> **WHAT THE EXERCISE ASKS**
Verbatim copy, images excluded: write out each record shown below.

(Beginning of INFORMATION SUPPLIED)

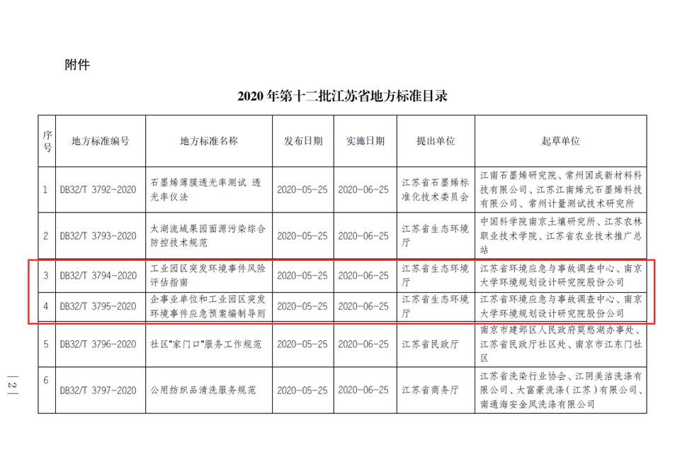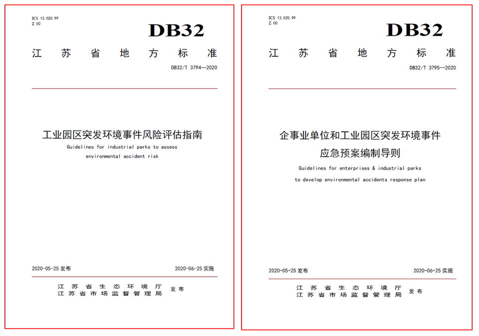 近日,江苏省生态环境厅和江苏省市场监督管理局联合发布了两项地方标准——《工业园区突发环境事件风险评估指南》(DB32/T 3794—2020)和《企事业单位和工业园区突发环境事件应急预案编制导则》(DB32/T 3795-2020),这两项标准由江苏省环境应急与事故调查中心与我院环境安全研究所联合起草,将于2020年6月25日正式实施。
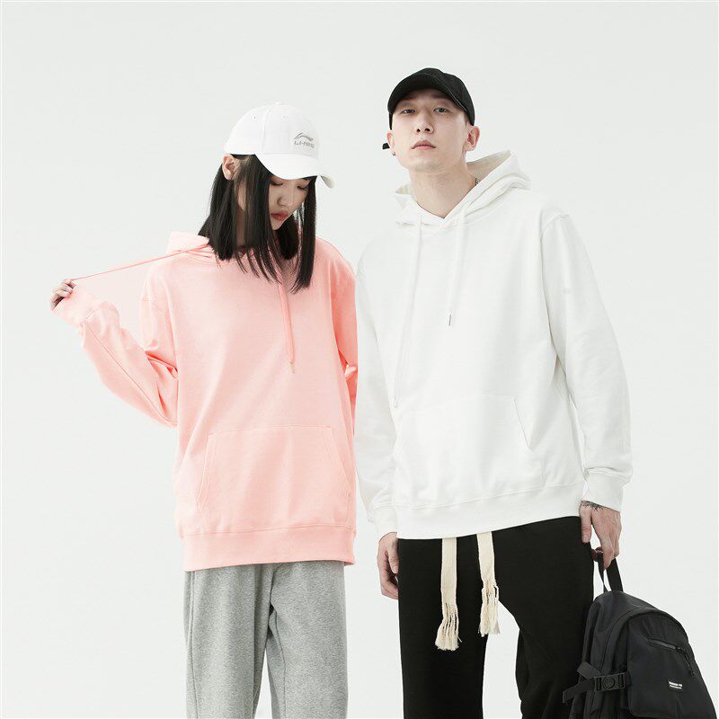 721加绒连帽套头卫衣男女L73927光板纯白色情侣中性宽松长袖外套
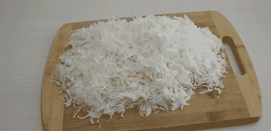 Капусту шаткуємо тонкою соломкою.
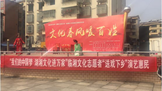 “百花争艳欣望江山千里秀,万民欢庆齐颂祖国万年春”。2018年春节前,剧团紧紧围绕市委市政府的中心工作,积极落实市文旅广新局的主要工作,以全省开展“我们的中国梦,湖湘文化进万家”系列活动为契机,开展了文化志愿小分队“送戏下乡”演艺惠民系列活动。
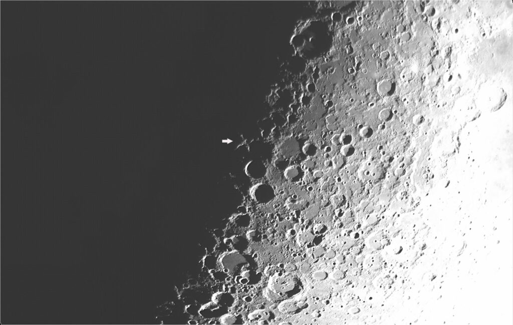 上弦の頃、月面の欠け際を望遠鏡で観察するとクレーターの縁や山の高い部分が太陽の光を受けてX(エックス)模様が浮かび上がって見えることがあります。このエックス形状がよく見えるのは今年は6回あります(通常は年数回程度)2月19日、4月19日、6月17日、8月15日、10月13日、12月11日でX字形に見えるのは一時間ほどです。その一回目のチャンスを捉えることができました。私こと3月末まで休館中ですが上越清里星のふるさと館のスタッフの秋山誠と申します。画像は自宅庭で望遠鏡を使い撮影しました。
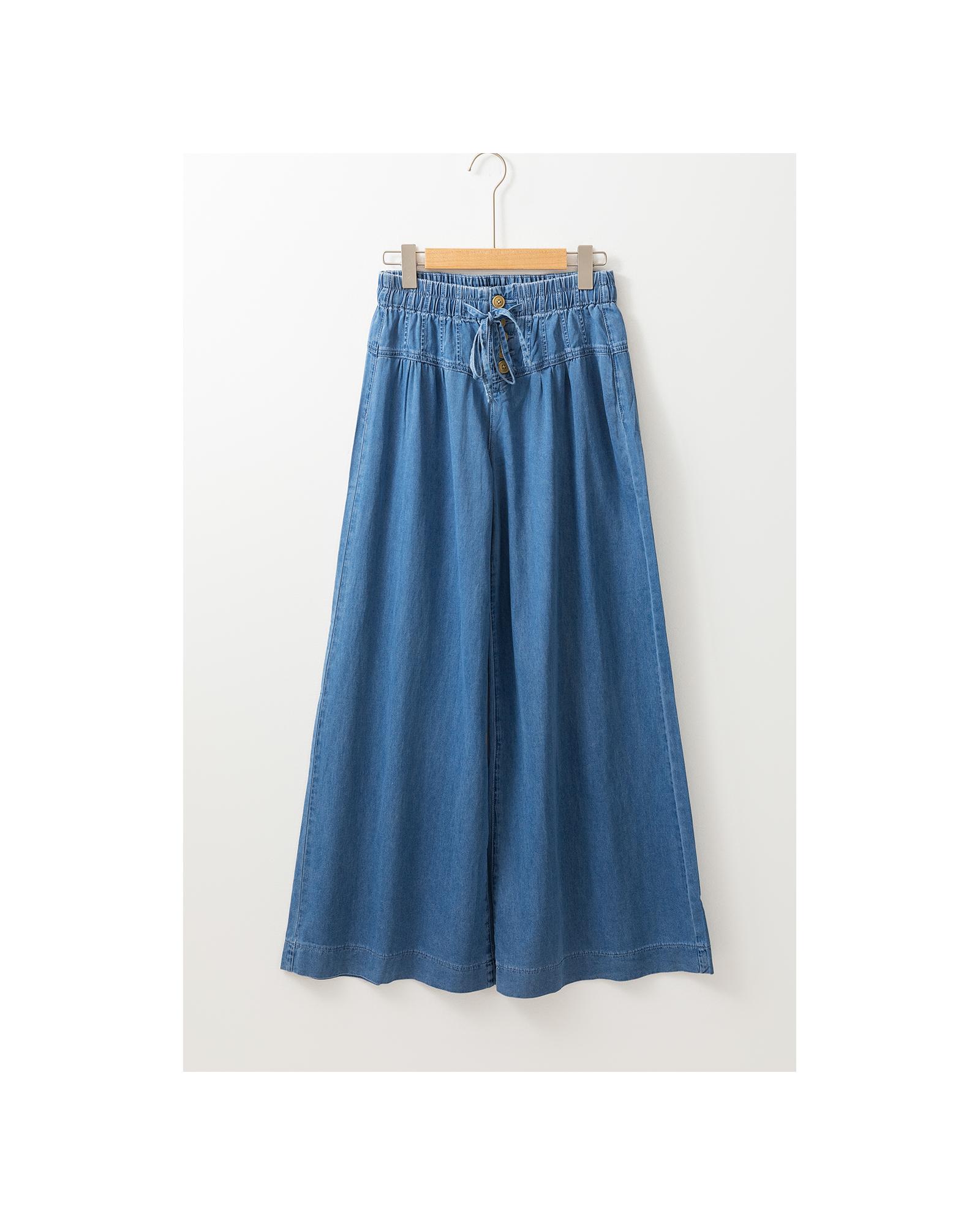 - One pair of Dusk Blue Mineral Wash Button Fly Waist Wide Leg Jeans

(End of INFORMATION SUPPLIED)

> **TASK ANSWER**
 近日,江苏省生态环境厅和江苏省市场监督管理局联合发布了两项地方标准——《工业园区突发环境事件风险评估指南》(DB32/T 3794—2020)和《企事业单位和工业园区突发环境事件应急预案编制导则》(DB32/T 3795-2020),这两项标准由江苏省环境应急与事故调查中心与我院环境安全研究所联合起草,将于2020年6月25日正式实施。
 721加绒连帽套头卫衣男女L73927光板纯白色情侣中性宽松长袖外套
 Капусту шаткуємо тонкою соломкою.
 “百花争艳欣望江山千里秀,万民欢庆齐颂祖国万年春”。2018年春节前,剧团紧紧围绕市委市政府的中心工作,积极落实市文旅广新局的主要工作,以全省开展“我们的中国梦,湖湘文化进万家”系列活动为契机,开展了文化志愿小分队“送戏下乡”演艺惠民系列活动。
 上弦の頃、月面の欠け際を望遠鏡で観察するとクレーターの縁や山の高い部分が太陽の光を受けてX(エックス)模様が浮かび上がって見えることがあります。このエックス形状がよく見えるのは今年は6回あります(通常は年数回程度)2月19日、4月19日、6月17日、8月15日、10月13日、12月11日でX字形に見えるのは一時間ほどです。その一回目のチャンスを捉えることができました。私こと3月末まで休館中ですが上越清里星のふるさと館のスタッフの秋山誠と申します。画像は自宅庭で望遠鏡を使い撮影しました。
 - One pair of Dusk Blue Mineral Wash Button Fly Waist Wide Leg Jeans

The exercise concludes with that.